Friday, March 13, 2015

Gong - 1969 - Magick Brother

Magick Brother

01. Mystic Sister / Magick Brother (6:16)
02. Glad To Sad To Say (2:55)
03. Rational Anthemn (4:10)
04. Chainstore Chant / Pretty Miss Tittty (5:19)
05. Fable Of A Fredfish / Hope You Feel Well (3:99)
06. Ego (3:54)
07. Gongsong (3:48)
08. Princess Dreaming (3:52)
09. 5 & 20 Schoolgirls (4:30)
10. Cos You Got Greenhair (5:02)

- Daevid Allen / guitars, vocals
- Didier Malherbe / flute, Soprano saxophone
- Earl Freeman / contrabass on 6, piano on 7
- Dieter Gewissler / contrabass on 1 and 7
- Burton Green / piano on 6
- Rachid Houari / drums
- Dave Phillips / contrabass on 3 and 8
- Gilli Smyth / space whisper
- Tasmin Smyth / voices on 1

After Daevid Allen left Soft Machine he spent a few years continuing his beatnik lifestyle traveling around Europe and getting into mischief before finally recording his first album under the GONG moniker. Despite the band name this is more of an Allen album with equal billing given to Gilly Smyth who makes her debut on this first GONG album as the trippy poet and space whisperer who graced not only the GONG albums of the Allen era but also many of the solo offerings from band's members. MAGICK BROTHER has also been released as MAGICK BROTHER, MYSTIC SISTER and was released early in 1970. The album is really an accumulation of musical ideas that had been with Allen since leaving Soft Machine and since those years took place in the tumultuous late 60s it is no surprise that this album has its sound firmly rooted in 60s psychedelia and the lyrics in that same idealist Utopian vision of the hippie movement.

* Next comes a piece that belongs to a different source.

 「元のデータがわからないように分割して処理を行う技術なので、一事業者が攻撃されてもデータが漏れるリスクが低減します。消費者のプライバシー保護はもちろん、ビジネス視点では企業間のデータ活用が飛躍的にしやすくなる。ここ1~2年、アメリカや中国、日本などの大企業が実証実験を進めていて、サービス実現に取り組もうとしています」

This is in fact an interesting crossroads for Allen's career where he finally got to put to tape all of those latent ideas that didn't make it into Soft Machine that fully embraced the most psychedelic aspects that rock had to offer at that time and the more progressive ideas that were finding their way into the world. This album came out after all those groundbreaking releases of 1969 and the musical landscape was changing quickly but Allen was finding away to keep those space rock sounds going and evolving them into the next phase. On MAGICK BROTHER you can hear hippie peace protest songs "Rational Anthem" next to fully fueled freakouts that sound more like something on a Krautrock album and would make contemporary trippers like Pink Floyd proud. My guess is that many mind-altering substances were consumed in the making of this one. You think?!!

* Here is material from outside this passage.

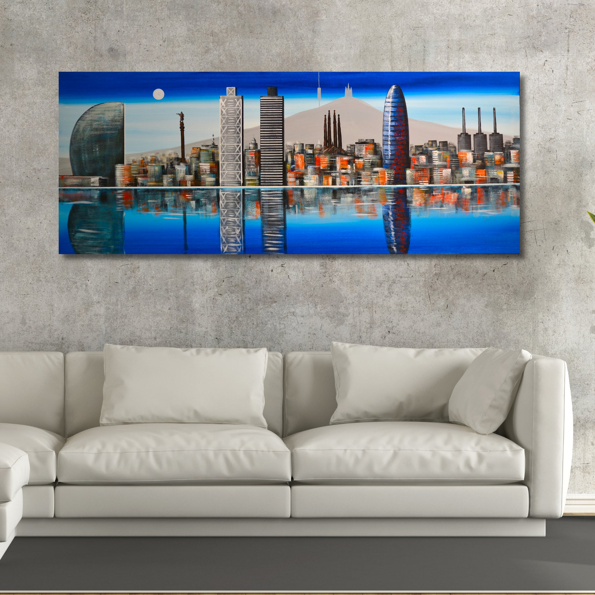 CUADRO PINTADO "SKYLINE DE BARCELONA" AZUL 150X60CM

The album is divided into two sides. The first is "Early Morning" and the second is "Late Night" but to be honest I can't really tell any difference between the two as they both contain hippie folk type songs and freaked out bizarreness. This is one that I wasn't impressed with upon first listen coming to it after all the better releases that followed but it has grown on me and is in fact an interesting little album in its own right. I would not recommend skipping this one since it has a charm all its own and provides a glimpse of GONG's origins. The only problem I have is some of the folkier songs are a little lackluster and could have used a little more fine tuning but overall it doesn't diminish my listening experience.
 An absolutely strange UFO with very weird music well worthy of GonG but it is right now just Gong. Because if the zanyness is already present and makes for this album much of an interest , but it is not part of the Radio Gnome trilogy or linked to it. Only Malherbe , Allen and Smyth are on this album that will be present on the classic GonG.

But the main interest of the album is that I cannot think of one album that is more representative of hippydom, in fact it could epitomize it. As Daevid got thrown out of England (so called visa problems but as an Aussie and in the Commonwealth.....) , he went back to France and joined a hippy commune in Normandy and one can guess that he got those guys into this project . This album although structured reeks anarchy , but not in the same way that of Amon Djuul's first group. If this had been recorded in Germany , this would've had a chance to be classified as Polit-Rock alongside such as other left-wing activists as Kluster etc... Not that Daevid would be called left-wing but just an activist alone would fit him fine. Anyway , this album is very rough and raw to the bone (especially compared to Angel's Egg and You) but is much worth a spin but beware of your sanity. Doctor's prescription would say no more than one toke/poke a week to avoid addiction.